Some answers are expensive to produce: a complex database query, a call to a slow third-party API, a rendered page. If the same answer is requested over and over, recomputing it every time is wasteful — and it puts the slow component under load it didn't need.
A cache keeps a copy of the answer somewhere fast (usually memory) so that the next time someone asks the same question, you can hand back the saved copy instead of doing the work again.
The problem: doing the same expensive work twice
Imagine a product page that runs a heavy database query on every view. The data barely changes minute to minute, yet each visitor triggers the full query. As traffic grows, the database becomes the bottleneck — even though almost every request is asking for the same thing.
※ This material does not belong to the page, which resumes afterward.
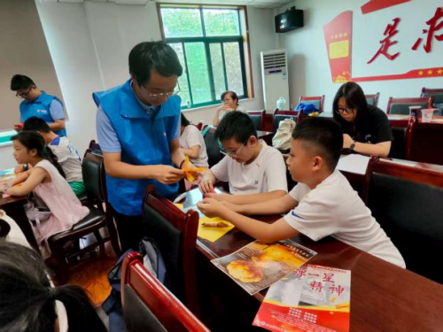 7月8日、10日,实践团队走进长安区香溪路社区、凤林社区托管班,通过故事讲述+互动体验开展儿童宣讲。宣讲员以“两弹一星”元勋事迹为引,用通俗语言诠释“热爱祖国、无私奉献,自力更生、艰苦奋斗,大力协同、勇于登攀”的精神内核。孩子们在“航天筑梦”折纸环节制作“小火箭”,于展板书写“向科学家致敬”“强国有我”等真挚寄语。活动将红色种子播撒童心,筑牢少年科技报国信念根基。
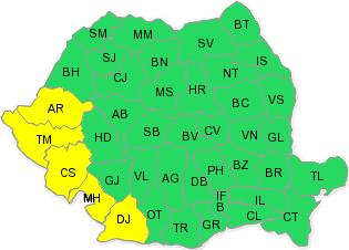 Cod galben de ploi, prelungit în cinci judeţe din sud-vestul țării

The insight: reads usually outnumber writes, and the same few items tend to be requested far more than the rest (hot keys). That repetition is exactly what a cache exploits.
How it works
A cache sits between the application and the slow source (a database, an API). On each read, the app checks the cache first:
- Cache hit — the answer is already there. Return it immediately. The database is never touched.
- Cache miss — the answer isn't there. Fetch it from the source, store it in the cache, then return it. The next identical request will be a hit.
This pattern is called read-through (or cache-aside) caching. The first request for an item pays the full cost; everyone after rides for nearly free, until the entry expires.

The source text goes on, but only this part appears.